Konu Başlıkları:
Bacaklardaki atardamar hastalıklarına “periferik arter hastalıkları (PAH)” diyoruz. Bu hastalıkların büyük bir bölümü damar sertliği (ateroskleroz) sonucu meydana gelir. Ateroskleroz atardamarları tutan ve ilerde tam tıkanmaya kadar giden değişiklikler oluşturan bir hastalıktır. Ateroskleroz, aslında başta kalp ve beyin olmak üzere, vücudumuzdaki tüm atardamarları ilgilendiren ve hepsini değişik derecelerde hastalandırabilen bir hastalıktır.
40 yaşından itibaren ilerleyen yaşla birlikte sıklığı da artar. Yaşlı popülasyonda sık görülen hastalıklardan biridir. Sıklık 50-59 yaşları arasında %2.5, 60-69 yaşları arasında %4.7, 70 yaş üstünde ise %14.5’tur. Ateroskleroz yönünden risk faktörüne sahip olanlarda görülme sıklığı daha fazladır.
PAH’ının görülme sıklığının yüksek olduğu hasta grubu:
Hastaların büyük bir kısmında başlangıçta şikayet yoktur. Bacak atardamarında hastalık olduğu muayene ile saptanır. Hastalık ilerledikçe bacak kaslarına gelen kan azalır ve özellikle enerji ihtiyacının arttığı durumlarda (yürüme, koşma)
bacaklarda ağrı meydana gelir. Bu ağrı PAH’ının tipik işaretidir ve klodikasyo (claudicatio) denir (tam adı: claudicatio intermittens). Ağrıyan bölge, bacak atardamarının hangi düzeyde darlık veya tıknam gösterdiği ile ilgili olarak kaba ette, kalçada, uylukta, baldırda veya ayakta olabilir. Ağrı başlangıçta koşma veya yürüme ile gelir ve istirahatle geçer, hastalık ilerleyip ilgili bölgeye giden kan azaldıkça ağrı istirahatte de olmaya başlar.

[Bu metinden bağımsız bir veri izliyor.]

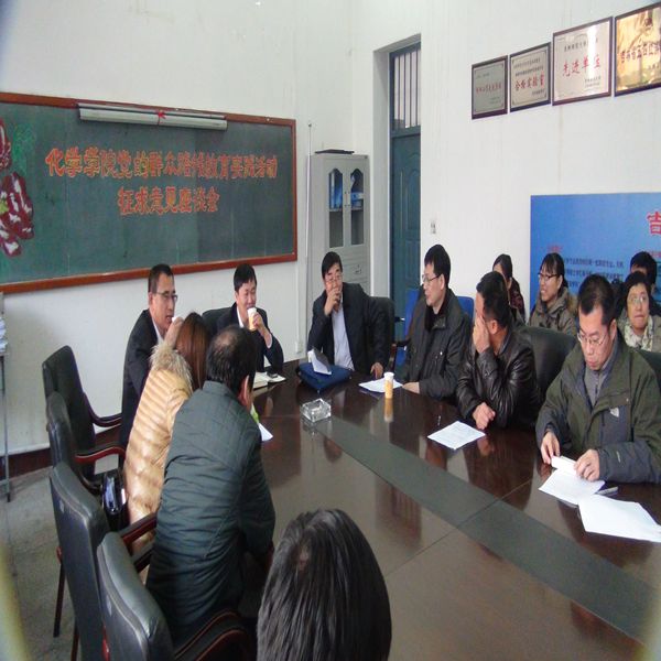 2014年3月12日下午,化学学院在第四教学楼一楼会议室举办了党的群众路线教育实践活动征求意见座谈会。校长杨景海、校第三督导组领导,我院党政班子成员、副科级以上干部,民主党派和党外人士,教师代表和学生党员代表参加了座谈会。座谈会由学院党总支书记、教育实践活动领导小组组长陈明宏主持。

Yürümekle ağrı oluşması, damar hastalıkları dışında da (toplar damar hastalıkları, bacak sinirlerine ait bozukluklar (nöropati), bel omurlarında ve disklerindeki problemler, kas veya kemiklere ait hastalıklar vs) oluşabilir ve ayırıcı tanıda akla gelmesi gerekir.
Hastalığın en son aşaması, artık kan akışının ayak kas hücrelerinin canlılığını sağlamaya yetmeyecek kadar azalmasıdır. Bu durumda doku ölümü (gangren) meydana gelir.
Bacağın kaybına kadar gidebilen kritik derecede hastalık 50 yaş üstündeki hastaların %1-2’inde görülür. Hastalığın bacak kaybına gidecek kadar ilerlemesi şeker hastalarında, sigara içenlerde, böbrek hastalarında, kalp yetmezliği hastalarında ve uzun süre soğuğa maruz kalanlarda daha sıktır.
Bacak muayenesinde nabızın zor hissedildiği veya kaybolduğu, deri kıllarında dökülme, tırnak uzamasında gecikme, tırnak şekil bozuklukları, renk değişiklikleri (soluklaşma, mor-kırmızı, mor), iyileşmeyen yaralar, son dönemde ise gangren görülür.
Tanı koymak zor değildir. Özellikle risk faktörlerine sahip olan kişilerde yürüme ile gelen bacak ağrıları PAH’ını akla getirir. Muayenede basitçe kol-ayak bileği arasındaki kan basıncı farkı (ABI) bize hastalık olup olmadığını gösterir. Hastalığın tam olarak nerede olduğu, yaygınlığı vs gibi özellikleri araştırmak için, Doppler ultrason veya anjiyografi yapılır. Aynı zamanda bunlar tedaviyi planlamak için de gereklidir.
Bacak atardamarlarının anjiyografisinde, sağ bacak diz üstünde önemli derecede darlık (A ile işaretli) görülüyor.
Hastalığın oluşturduğu şikayet, hastalığın yeri ve yaygınlığına göre ilaç tedavisi (damar genişletici, kan sulandırıcı), cerrahi tedavi veya balon ve/veya stent planlanır.